# Meet Bambam!



## pinkbutterflys (Nov 18, 2008)

Here he is =]


----------



## jilly40 (Oct 22, 2008)

aww hun he is just adorable xx


----------



## pinkbutterflys (Nov 18, 2008)

he is soooo sweet <3 kiwi dont like him much at the moment, she keeps chasing him and boppinng him out the way !!


----------



## ChinaBlue (Feb 3, 2008)

He is absolutely gorgeous.


----------



## MADCAT (Nov 21, 2008)

He is lovely, kiwi will soon like him i bet. Loving the new sig. xxx


----------



## bee112 (Apr 12, 2008)

awww so cute! Kiwi and Bam Bam will be best of friends soon enough


----------



## pinkbutterflys (Nov 18, 2008)

kiwi dont like him very much at the moment, they keep fighhting, they sleeping in seperate rooms tonight and we will try again tomorrow, kiwi just pounces on him and tries to bite him, and he just wants to play...


----------



## Guest (Dec 24, 2008)

Ahh bless...so cute.
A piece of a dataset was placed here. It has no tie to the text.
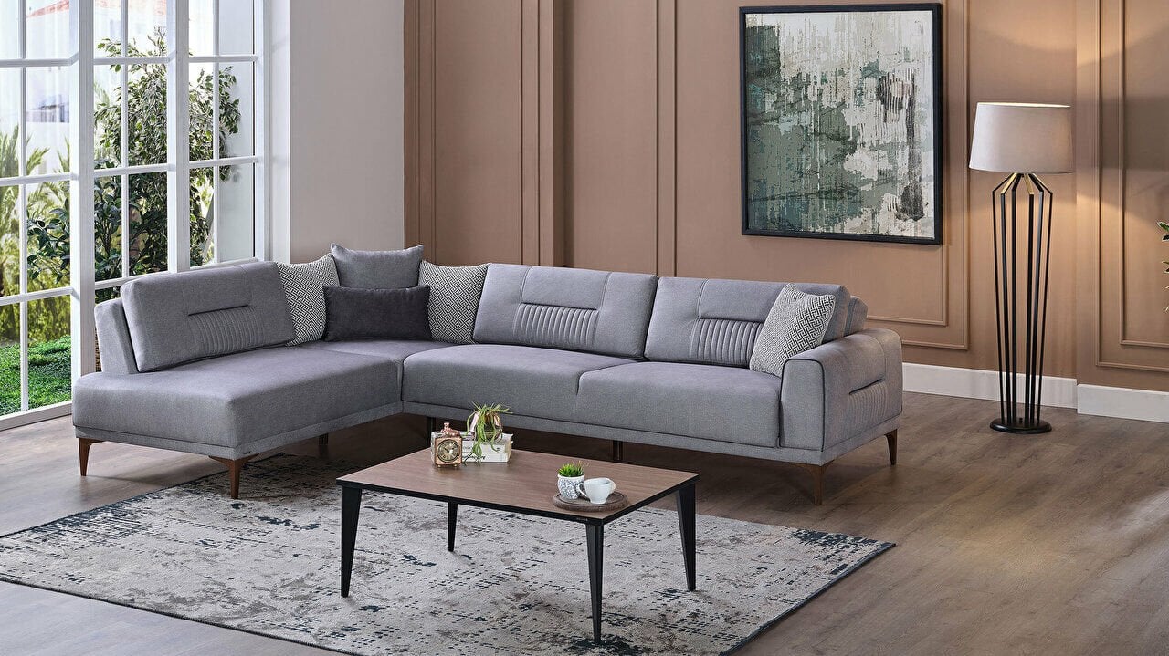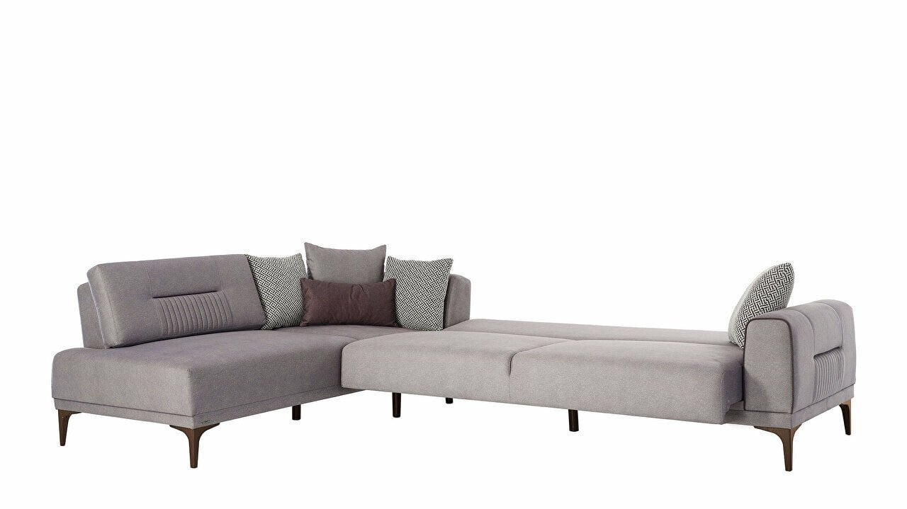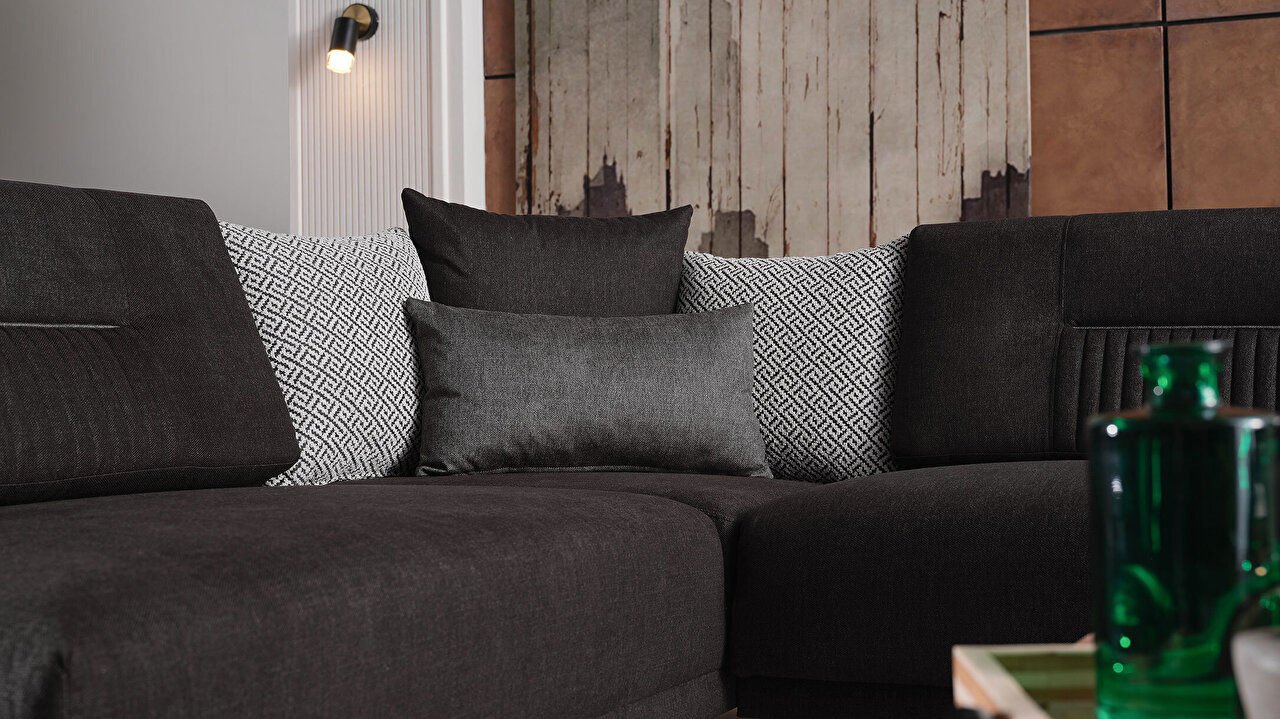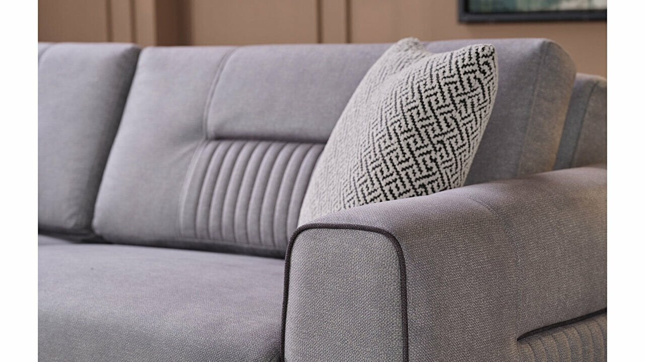 Canapeaua de colț extensibilă Seul (314x215 cm) este un model modern și spațios, care va deveni elementul central al livingului dumneavoastră. Datorită dimensiunilor sale și a șezutului adânc, oferă un nivel înalt de confort. Canapeaua se transformă ușor într-un spațiu de dormit mare. Modelul are o construcție modulară și poate fi asamblat atât cu colț pe dreapta, cât și pe stânga.

Lovely pics.


----------



## pinkbutterflys (Nov 18, 2008)

few more pics, sorry they are poop until i charge my digital camera =]


----------



## pinkbutterflys (Nov 18, 2008)

bambam and kiwi sleepsties in same bed last night.... awww


----------



## colliemerles (Nov 2, 2007)

aw he is just so cute, you have two very cute kitties there, and i love your siggy, brilliant,!!!!!!!!!!!!!!!.............


----------



## pinkbutterflys (Nov 18, 2008)

thanks hun =] im still a bit busy over xmas but ill try do you a sig asap ! ( it was you that wanted a sig??)


----------



## pinkbutterflys (Nov 18, 2008)

i love bam ( and kiwi!) <3


----------



## Guest (Dec 24, 2008)

ahh lovely fur babies!  glad they aren't fighting now


----------



## pinkbutterflys (Nov 18, 2008)

RoseForTheDead said:


> ahh lovely fur babies!  glad they aren't fighting now


ii spoke to soon, daniel said kiwi had been trying to eat him all morning, but he has learned to bat her nose, then she hides lol


----------



## Guest (Dec 24, 2008)

pinkbutterflys said:


> ii spoke to soon, daniel said kiwi had been trying to eat him all morning, but he has learned to bat her nose, then she hides lol


Lol aww! I'm sure they'll be the best of friends when they get used to each other


----------



## pinkbutterflys (Nov 18, 2008)

RoseForTheDead said:


> Lol aww! I'm sure they'll be the best of friends when they get used to each other


i hope so too!!


norty kiwi and bambam, i keep saying, dats ur bruvva lil one!!!! dnt hit imm!


----------



## Guest (Dec 24, 2008)

Lol! Who's hitting who? Maybe BamBam is living upto his name


----------



## pinkbutterflys (Nov 18, 2008)

well kiwi pounces on his head and bites him, but when kiwi's back is turned bam bam bashes her tail to tease her, then she turns and bops him and they have a batting fight! usually i split them up before kiwi turns in to basement cat and goes all millitary on him!


----------



## Guest (Dec 24, 2008)

Lol sounds like your going to have an intresting xmas with these two!


----------



## pinkbutterflys (Nov 18, 2008)

haha i know yeah! oh the joy of kiwi vs bam1 got some cool videos to put on here later of bam attacking the scratch post and kiwi doing gymnastics


----------



## rottiesloveragdolls (Nov 2, 2007)

*wow she is beautiful *


----------



## pinkbutterflys (Nov 18, 2008)

rottiesloveragdolls said:


> *wow she is beautiful *


Uh oh... bambam is a boy! lol!


----------



## pinkbutterflys (Nov 18, 2008)

more pics to come =]


----------



## Rraa (Apr 15, 2008)

Both of your kitties are cute! BamBam is a very sweet little boy - love those pink paw-pads  - ever so kissable.


----------



## ManyPaul (Dec 7, 2008)

He is lovely, it makes me want Jan 7th to come quicker for my kittie


----------



## pinkbutterflys (Nov 18, 2008)

what ya gettin?>


----------